DICO

A vos salaires, prêts... Déclarez !
L'essentiel est souvent dit dès les premières cases. Vous y déclarez en effet vos revenus professionnels (avril 2008).
C'est la première étape, et pour beaucoup d'entre vous, la plus importante : Cadre 1, page
3 de votre déclaration, vous devez déclarer pour leur montant net de cotisations sociales vos rémunérations
professionnelles, celles de votre conjoint ou partenaire d'un PACS, et celles des personnes à votre charge.
Dans la quasi-totalité des cas, vous n'avez pas à déduire vos cotisations sociales : l'administration
connaît déjà le montant net que vous avez touché, car votre employeur a déclaré de
son côté tout ce qu'il vous a versé.
Traitements, salaires, appointements, primes, émoluments...

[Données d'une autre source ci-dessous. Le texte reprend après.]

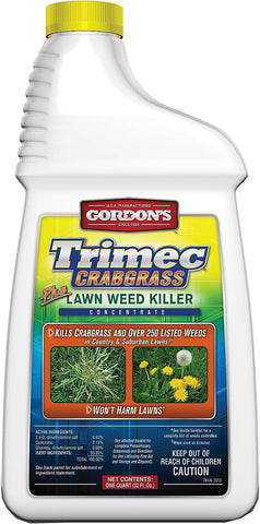 Gordon's Trimec Crabgrass Plus Lawn Weed Killer Concentrate offers broadleaf weed control for over 200 or more common broadleaf weeds. This crabgrass killer controls emerged grassy weeds, such as crabgrass, foxtail and signal grass, as well as broadleaf weeds, such as dandelions and plantain. The weed killer concentrate is designed as a 3-way herbicide blend that makes managing pesky weeds in your lawn, pathway or backyard a breeze.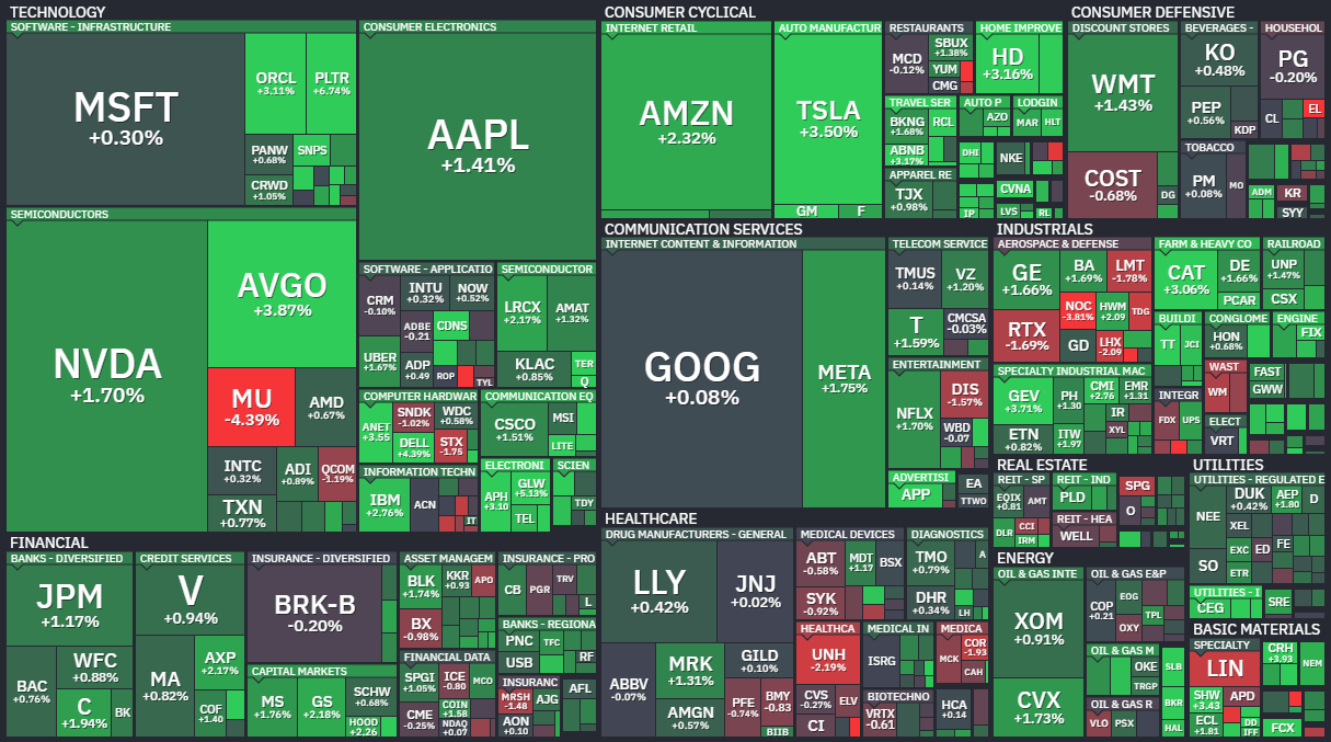 23일(미국 동부시간) 뉴욕증권거래소(NYSE)에서 다우존스30산업평균지수는 전장보다 631.00포인트(1.38%) 뛴 46,208.47에 거래를 마감했다. 스탠더드앤드푸어스(S&P) 500지수는 전장보다 74.52포인트(1.15%) 상승한 6,581.00, 나스닥종합지수는 299.15포인트(1.38%) 상승한 21,946.76에 장을 마쳤다.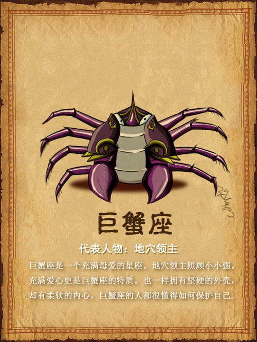 温柔的巨蟹座喜欢玩团队中最需要的角色来实现自身的价值以及寻找自己所需要的自信心,很难想象贤妻良母婆婆妈妈型的巨蟹站在前排打打杀杀,在魔兽世界中巨蟹座很喜欢只用远程职业,比起DPS治疗更受他们的青睐,因为如果发生团灭DPS受到的压力比起治疗和坦克来讲要大得多,胆小的巨蟹座通过治疗过关寻找自信心,然后在暗地里仔细研究DPS的打法,以备团队里缺少DPS可以顶替一下。所以能远程DPS能治疗的萨满、小德、牧师成了巨蟹的首选人物。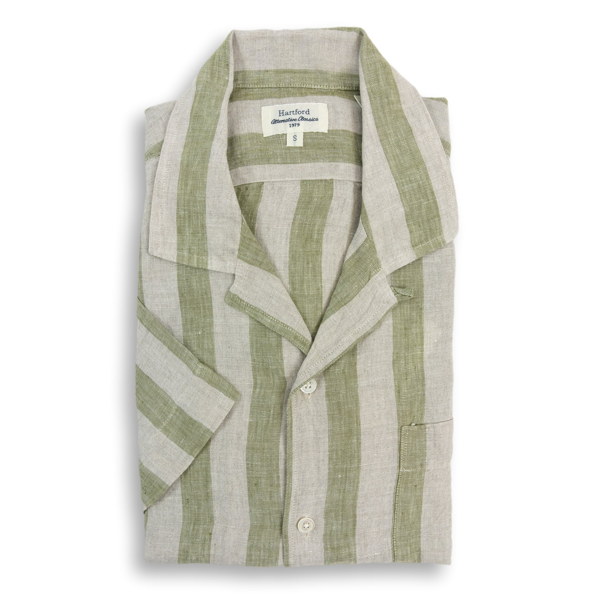Light and comfortable short sleeve Linen Palm Shirt with chest pocket. Light, breathable, and extremely easy and comfortable to wear. Made in Morocco. Our 6'1" model wears a size M.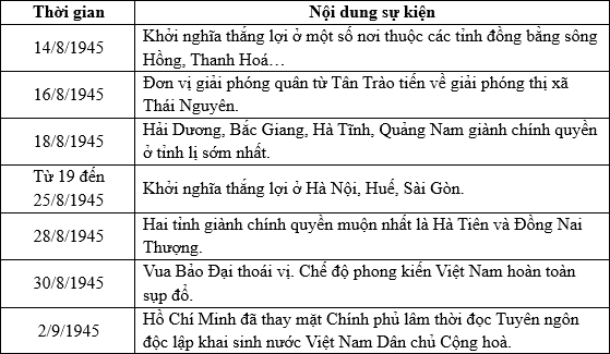 | a) Từ ngày 14/8/1945, khởi nghĩa đã thắng lợi ở một số xã, huyện thuộc đồng bằng sông Hồng. | ||

quels que soient leurs noms, ces rémunérations sont imposables. En théorie, ces éléments
sont connus de l'administration et figurent dans votre déclaration pré-remplie.
Vérifiez systématiquement
la case AJ et la case AP : elles doivent correspondre aux chiffres indiqués sur votre fiche de paie de décembre
2007.
Les montants sont erronés ? Corrigez (vous pouvez joindre un courrier explicatif si vous jugez le
détail nécessaire). Les revenus des personnes à charge ou rattachés ne sont pas préremplis
: pensez à les rajouter.
Dans cette rubrique, il faut aussi déclarer certaines allocations (chômage et préretraite
dans la case AP), conventions de conversion...
Sont ainsi à déclarer (non-exhaustif) :
- Les indemnités journalières en cas de maternité ou de maladie ou d'accident non professionnel
- Les rémunérations de stages dans le cadre de conventions de formation (FNE)
- Certaines sommes reçues la sortie d'un CET (celles qui ne sont pas issues de la participation, de l'intéressement, d'un PEE ou d'un PEI)
- Les sommes transférées d'un CET vers un PEE, un PEI ou un PERCO qui ne correspondent pas à l'abondement de l'employeur
Voir aussi Revenus
exonérés d'impôt
Ce n'est ni un cadeau ni un coup de pouce. Simplement une estimation destinée à compenser vos frais professionnels. Si vous estimez que ces frais dépassent 10% de votre rémunération, n'hésitez donc pas à opter pour les frais réels. Vous pourrez ainsi déduire davantage.